**What is required:**
The response should repeat word for word every line below from the one with "Cheyenne Indian child's" to the one with "Chic floral blouse", inclusive, and nothing else; leave pictures out.

Dataset excerpts
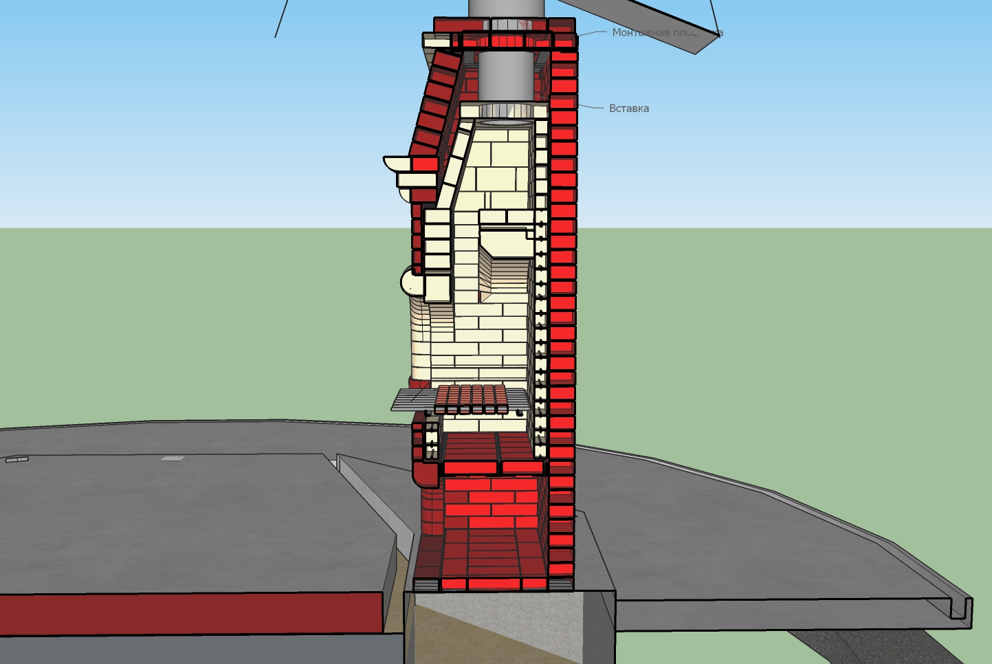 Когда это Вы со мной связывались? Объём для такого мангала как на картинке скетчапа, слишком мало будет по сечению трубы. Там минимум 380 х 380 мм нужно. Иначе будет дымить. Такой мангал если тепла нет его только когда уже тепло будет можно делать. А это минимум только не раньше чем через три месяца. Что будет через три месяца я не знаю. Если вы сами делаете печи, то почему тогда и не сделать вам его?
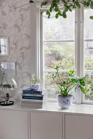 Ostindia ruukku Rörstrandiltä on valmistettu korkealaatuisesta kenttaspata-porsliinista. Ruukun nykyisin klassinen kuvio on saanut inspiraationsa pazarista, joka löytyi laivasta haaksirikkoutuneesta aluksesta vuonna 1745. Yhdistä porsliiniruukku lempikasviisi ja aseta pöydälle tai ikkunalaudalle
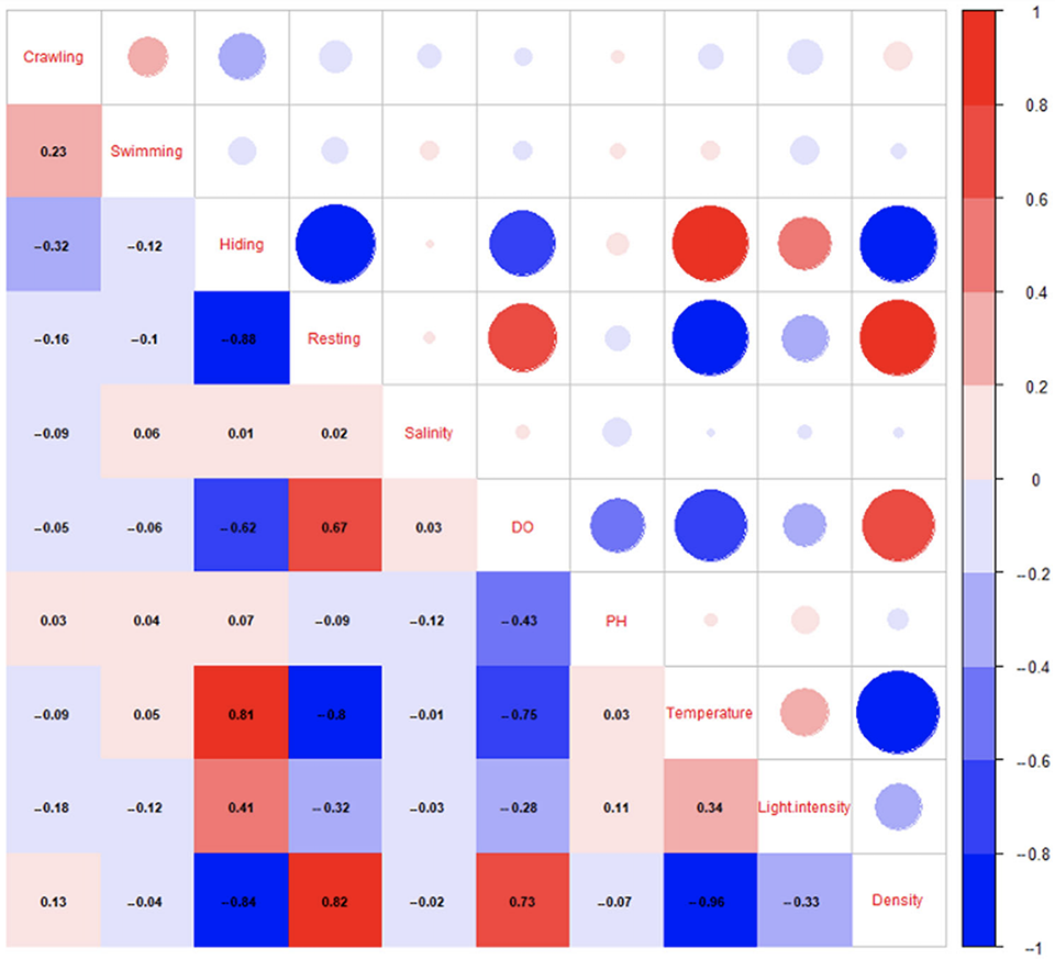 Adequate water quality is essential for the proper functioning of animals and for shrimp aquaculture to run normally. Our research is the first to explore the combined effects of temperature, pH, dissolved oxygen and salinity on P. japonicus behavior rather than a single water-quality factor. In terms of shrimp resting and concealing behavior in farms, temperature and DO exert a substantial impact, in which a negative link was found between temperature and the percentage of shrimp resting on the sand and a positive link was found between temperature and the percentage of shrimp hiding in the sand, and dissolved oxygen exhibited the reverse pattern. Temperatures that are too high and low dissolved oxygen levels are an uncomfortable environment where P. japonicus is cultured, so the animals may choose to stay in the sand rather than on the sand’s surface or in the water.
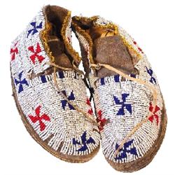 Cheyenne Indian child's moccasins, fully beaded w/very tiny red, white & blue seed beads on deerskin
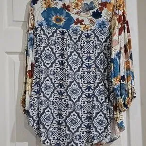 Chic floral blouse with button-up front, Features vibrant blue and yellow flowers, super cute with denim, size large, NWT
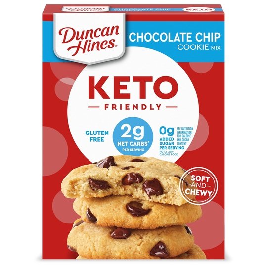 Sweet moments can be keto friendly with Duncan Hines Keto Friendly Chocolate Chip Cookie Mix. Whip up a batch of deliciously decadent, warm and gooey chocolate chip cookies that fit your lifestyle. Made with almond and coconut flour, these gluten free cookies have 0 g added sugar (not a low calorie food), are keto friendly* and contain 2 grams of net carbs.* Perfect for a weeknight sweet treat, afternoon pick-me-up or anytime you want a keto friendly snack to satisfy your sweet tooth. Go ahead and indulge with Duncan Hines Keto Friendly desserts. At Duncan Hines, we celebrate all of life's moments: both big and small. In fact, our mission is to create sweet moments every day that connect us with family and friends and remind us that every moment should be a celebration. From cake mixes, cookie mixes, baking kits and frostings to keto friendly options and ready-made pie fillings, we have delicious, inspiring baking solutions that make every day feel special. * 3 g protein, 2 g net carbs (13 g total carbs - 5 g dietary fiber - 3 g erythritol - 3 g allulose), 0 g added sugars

**Result below:**
 Cheyenne Indian child's moccasins, fully beaded w/very tiny red, white & blue seed beads on deerskin
 Chic floral blouse with button-up front, Features vibrant blue and yellow flowers, super cute with denim, size large, NWT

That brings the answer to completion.